E o que me assustava ainda mais era saber que o Bruno estava entre essas vítimas. Como eles já sabiam que ele era da segunda geração desde bebê, ele passou por todo tipo de tortura – pois não existe outra palavra que defina essas coisas horríveis que fizeram com ele.
Através daqueles arquivos descobri qual a temperatura mínima que ele aguentava até seu corpo chegar ao limite da hipotermia, quanto tempo ele suportava ficar ser respirar antes de desmaiar e outras coisas mais perturbadoras. Eles queriam saber se o aperfeiçoamento genético tinha afetado sua resistência e, pelos resultados, ele sofreu à toa.
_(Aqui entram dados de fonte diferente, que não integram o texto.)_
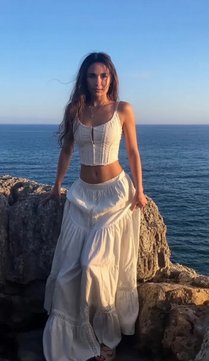 This style pairs beautifully with lightweight summer outfits—a flowing dress or even a maxi skirt. It works best on naturally wavy or slightly textured hair and doesn’t require much styling beyond a bit of salt spray. The result is a soft, feminine look that feels both easy and put together.

– Caramba! Aqui está escrito que ele entortou uma viga de aço maciço com a força da mente. – Choramingou o Tião, apavorado. – Você viu a cara que ele olhou para mim? Ele pode arrancar o meu coração sem usar as mãos, Helô!
– Ele não vai fazer isso – respondi, sem dar muita atenção para suas reclamações.
O pior é que o Bruno não foi o único a sofrer com essa tortura. A Malu também teve sua parcela de sofrimento também, assim como outros internos. Nenhum deles se comparava com o Bruno, que sofreu por quase dezesseis anos, mas ainda era bem ruim.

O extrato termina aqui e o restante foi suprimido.